УДК: 576.54:57.085.23
Год издания: 2017

Метод комплексного определения иммуномодулирующих свойств мезенхимальных стволовых клеток in vitro

Гончаров А.Е.Антоневич Н.Г.Бущик О.В.Чекан В.Л.Стринкевич Э.А.
Рубрики: 34.19.2176.03.55
Республиканский научно-практический центр эпидемиологии и микробиологии
Тема НИР: «Разработать и внедрить метод лечения хронических стенозов трахеи и гортани с использованием аутологичных мезенхимальных стволовых клеток, полученных из обонятельной выстилки слизистой оболочки носовой полости».
Сроки выполнения НИР: июль 2016 г. — июнь 2019 г.
Научный руководитель: канд. мед. наук А.Е. Гончаров, канд. мед. наук, доц. В.Л. Чекан.
Источник финансирования: госбюджет.

Несмотря на то, что для клеточной терапии заболеваний иммунной системы активно применяются мезенхимальные стволовые клетки (МСК), до сих пор отсутствует стандартизированный комплексный метод определения иммуномодулирующих свойств МСК. Отбор четких критериев оценки иммуномодулирующей активности позволит сравнивать функциональные свойства МСК различного тканевого происхождения, прогнозировать терапевтическую эффективность биомедицинских клеточных продуктов.

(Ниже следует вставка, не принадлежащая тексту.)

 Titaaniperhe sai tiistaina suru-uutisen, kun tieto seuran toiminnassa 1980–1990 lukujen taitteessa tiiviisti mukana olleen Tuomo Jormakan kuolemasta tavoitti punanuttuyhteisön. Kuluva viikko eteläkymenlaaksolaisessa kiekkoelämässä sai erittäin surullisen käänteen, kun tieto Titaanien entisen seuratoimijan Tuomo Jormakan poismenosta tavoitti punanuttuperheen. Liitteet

Цель - разработать метод комплексного определения иммуномодулирующих свойств МСК in vitro.

Исследовали in vitro иммуномодулирующую активность МСК обонятельной выстилки (ОВ) человека (15 культур клеток) в отношении Т- и В-лимфоцитов, макрофагов, дендритных клеток (ДК), естественных киллерных клеток (ЕКК) после контактного сокультивирования.

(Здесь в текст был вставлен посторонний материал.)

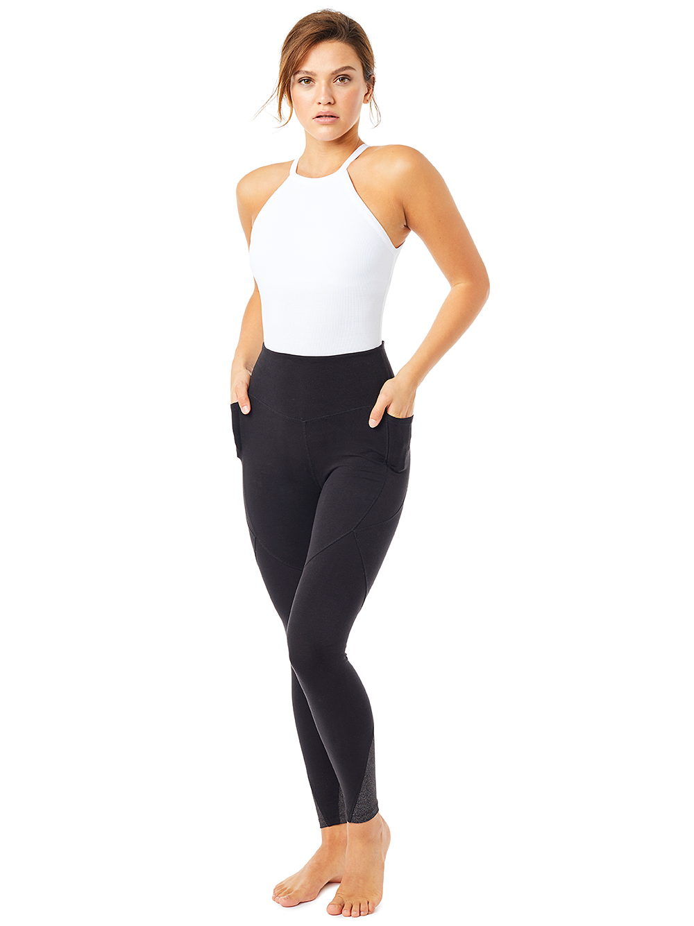 Schulterfreies Yoga Top aus weißer, elastischer Bio-Baumwollrippe. Bei 1,70m Größe geht die Länge bis zur Hüfte.

МСК ОВ получали методом эксплантов из биопсийных образцов ткани ОВ средних носовых ходов пациентов с заболеваниями носовой полости и околоносовых пазух (БелМАПО, РНПЦ оториноларингологии).

Мононуклеарные клетки периферической крови (МПК) выделяли из образцов венозной крови методом градиентного центрифугирования (25 образцов). Незрелые ДК получали из моноцитов крови с использованием ГМ-КСФ и ИЛ-4 в качестве индукторов дифференцировки. В течение 3-х сут проводили совместное культивирование клеток в соотношениях: МСК ОВ : МПК=1:10-1:20; МСК ОВ : ДК=1:1-1:2. Для определения пролиферации CD4+ Т-клеток перед сокультивированием МПК окрашивали 5(6)-карбоксифлуоресцеин диацетат N-сукцинимидил эфиром (CFSE). Для индукции пролиферации лимфоцитов вносили фитогемаглютинин (ФГА). Влияние МСК ОВ на антигенпредставляющие клетки (АПК) (В-лимфоциты, макрофаги, дендритные клетки) оценивали по изменению экспрессии молекул CD16, CD64, CD68, CD80, CD86, CD206, CD273, CD274, CD284. Иммунофенотипирование клеток методом проточной цитометрии проводили по стандартной методике с использованием моноклональных антител, меченных флюорохромами, и изотипических контролей.

Статистическую обработку полученных данных выполняли с помощью программы Statistica версии 12 (StatSoft, США). Значения показателей представлены медианой с интерквартильным размахом в виде 25 и 75-й процентилей. Для сравнения групп данных и изучения корреляционных взаимосвязей использовали непараметрические методы. В качестве критерия достоверности различий показателей принимали уровень значимости p<0,05.

На примере МСК ОВ изучена иммуномодулирующая активность МСК на различных популяциях клеток иммунной системы.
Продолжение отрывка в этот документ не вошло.